#### [EXERCISE MATERIALS]
⁂

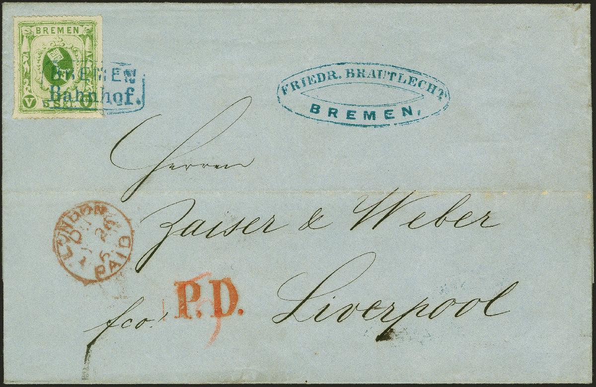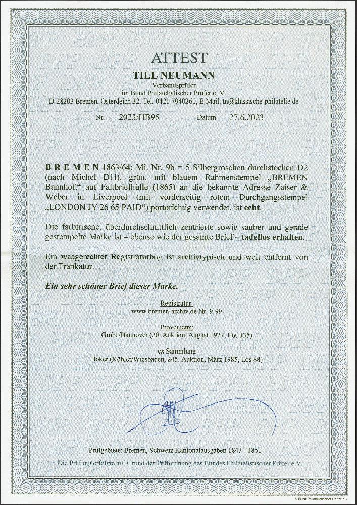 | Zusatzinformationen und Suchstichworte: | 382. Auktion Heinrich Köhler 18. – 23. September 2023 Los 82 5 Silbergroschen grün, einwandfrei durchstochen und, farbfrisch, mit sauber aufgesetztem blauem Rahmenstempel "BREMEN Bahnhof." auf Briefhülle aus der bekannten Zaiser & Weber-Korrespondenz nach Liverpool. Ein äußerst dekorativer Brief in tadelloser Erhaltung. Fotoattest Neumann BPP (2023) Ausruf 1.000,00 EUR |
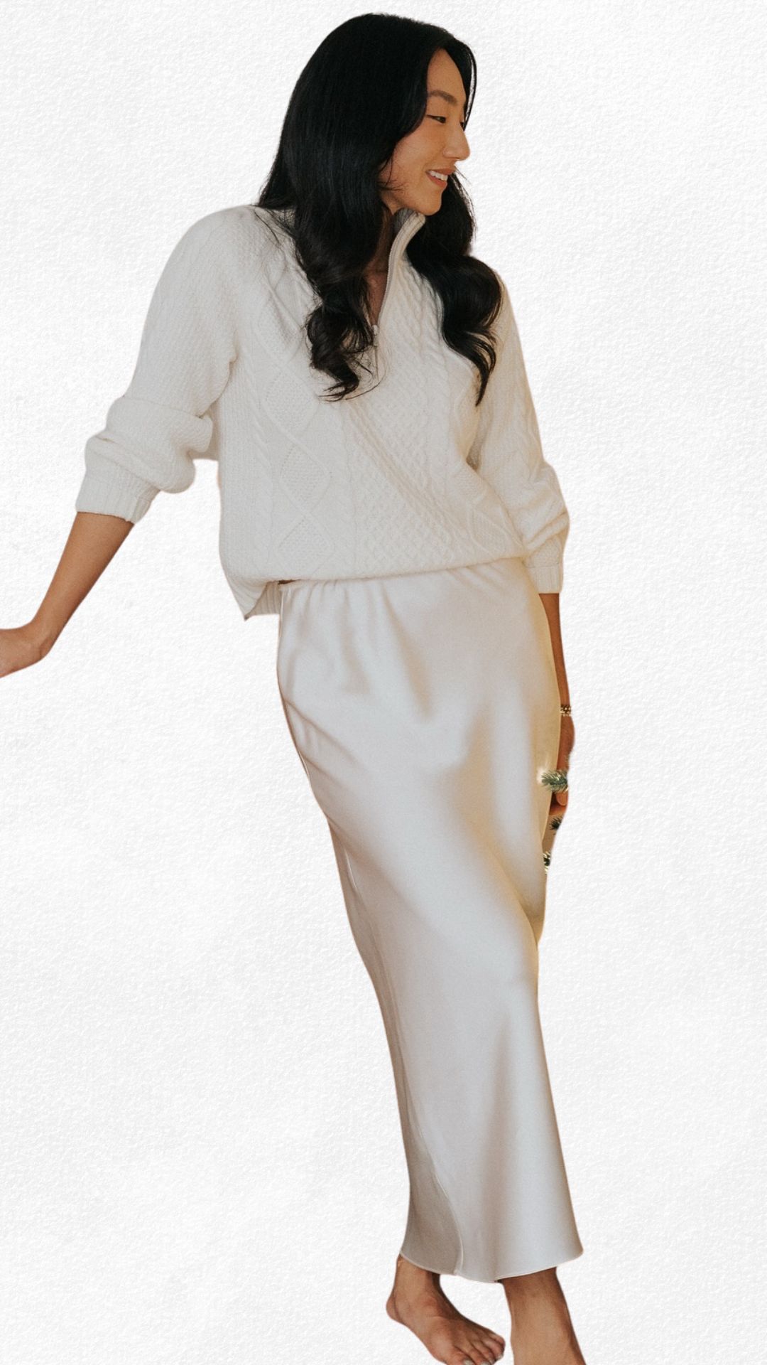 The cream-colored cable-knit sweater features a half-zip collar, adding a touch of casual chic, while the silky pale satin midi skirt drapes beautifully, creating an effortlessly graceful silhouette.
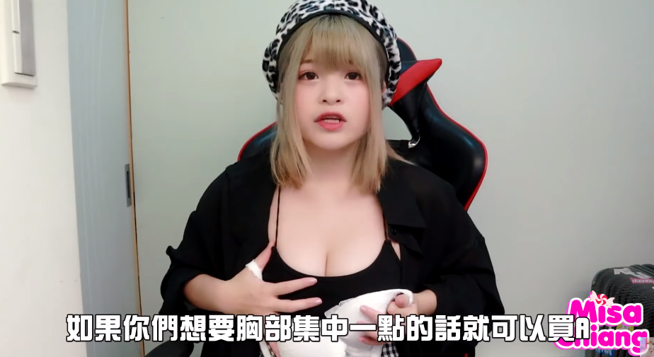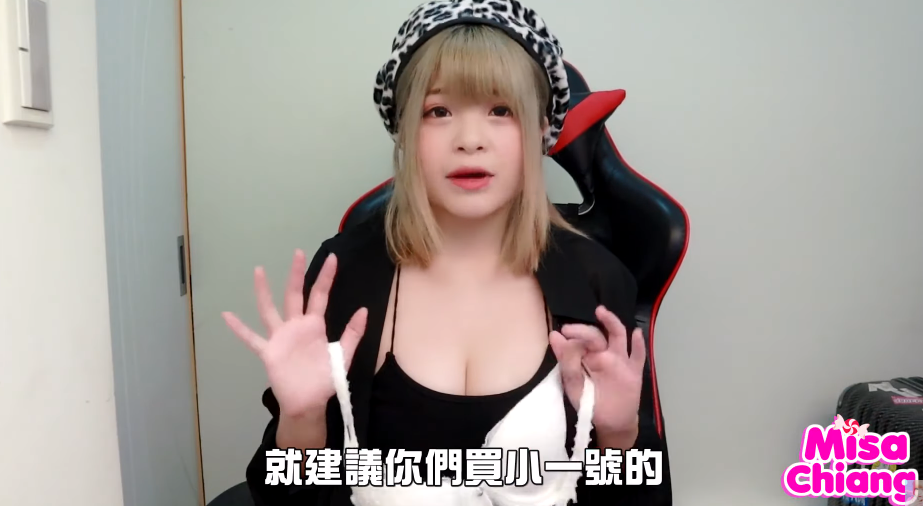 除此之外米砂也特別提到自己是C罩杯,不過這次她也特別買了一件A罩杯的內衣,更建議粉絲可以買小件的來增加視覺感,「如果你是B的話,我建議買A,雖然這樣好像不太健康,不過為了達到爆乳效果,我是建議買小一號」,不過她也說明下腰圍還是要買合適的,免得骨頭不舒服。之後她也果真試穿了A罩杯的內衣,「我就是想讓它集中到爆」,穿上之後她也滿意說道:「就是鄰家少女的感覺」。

⁂

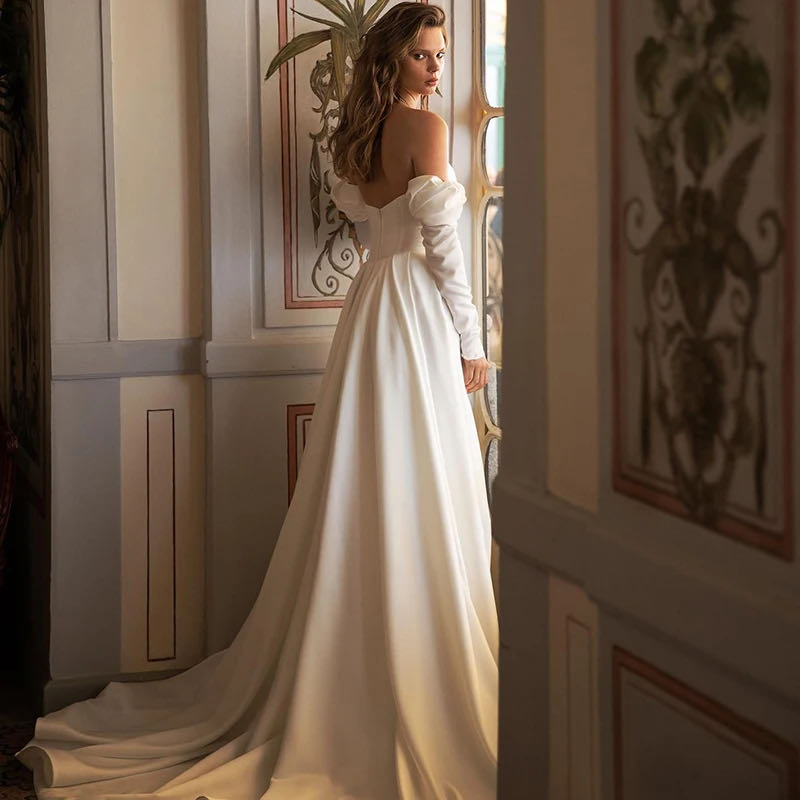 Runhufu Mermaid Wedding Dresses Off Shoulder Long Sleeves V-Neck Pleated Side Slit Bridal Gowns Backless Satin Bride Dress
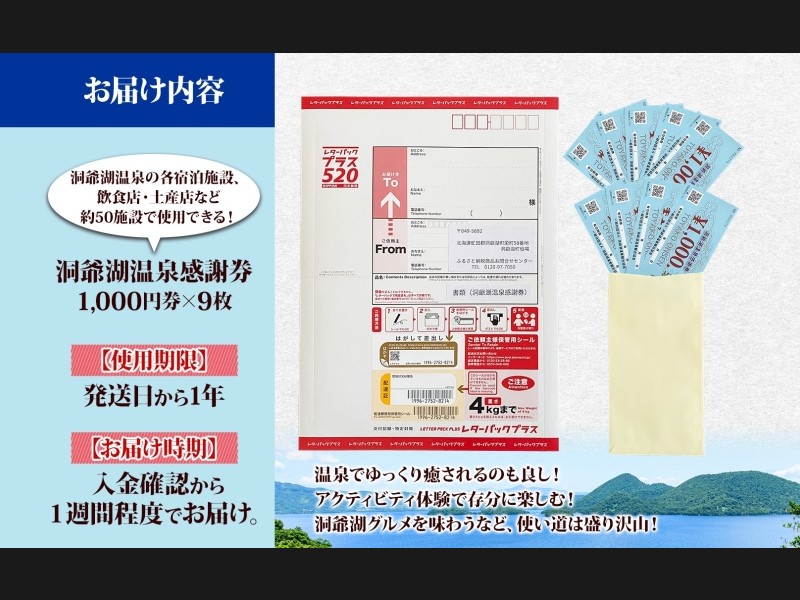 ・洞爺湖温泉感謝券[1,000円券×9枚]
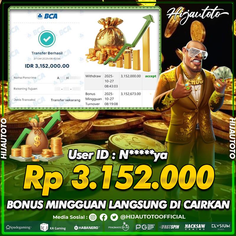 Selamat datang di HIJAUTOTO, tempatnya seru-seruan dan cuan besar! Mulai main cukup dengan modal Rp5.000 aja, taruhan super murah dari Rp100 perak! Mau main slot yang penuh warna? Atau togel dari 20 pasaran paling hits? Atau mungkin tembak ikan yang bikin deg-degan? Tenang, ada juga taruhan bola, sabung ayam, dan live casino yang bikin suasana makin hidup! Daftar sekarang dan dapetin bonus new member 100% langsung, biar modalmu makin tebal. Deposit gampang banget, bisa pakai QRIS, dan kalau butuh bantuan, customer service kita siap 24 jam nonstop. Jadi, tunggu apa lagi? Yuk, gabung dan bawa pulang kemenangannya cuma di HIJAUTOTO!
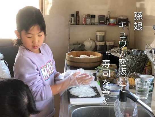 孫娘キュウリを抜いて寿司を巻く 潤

⁂

#### [PROBLEM REQUIREMENTS]
The answer is those lines of the material above that run from the one containing "The cream-colored cable-knit" up to and including the one containing "除此之外米砂也特別提到自己是", restated exactly and without images.

#### [EXERCISE RESPONSE]
 The cream-colored cable-knit sweater features a half-zip collar, adding a touch of casual chic, while the silky pale satin midi skirt drapes beautifully, creating an effortlessly graceful silhouette.
 除此之外米砂也特別提到自己是C罩杯,不過這次她也特別買了一件A罩杯的內衣,更建議粉絲可以買小件的來增加視覺感,「如果你是B的話,我建議買A,雖然這樣好像不太健康,不過為了達到爆乳效果,我是建議買小一號」,不過她也說明下腰圍還是要買合適的,免得骨頭不舒服。之後她也果真試穿了A罩杯的內衣,「我就是想讓它集中到爆」,穿上之後她也滿意說道:「就是鄰家少女的感覺」。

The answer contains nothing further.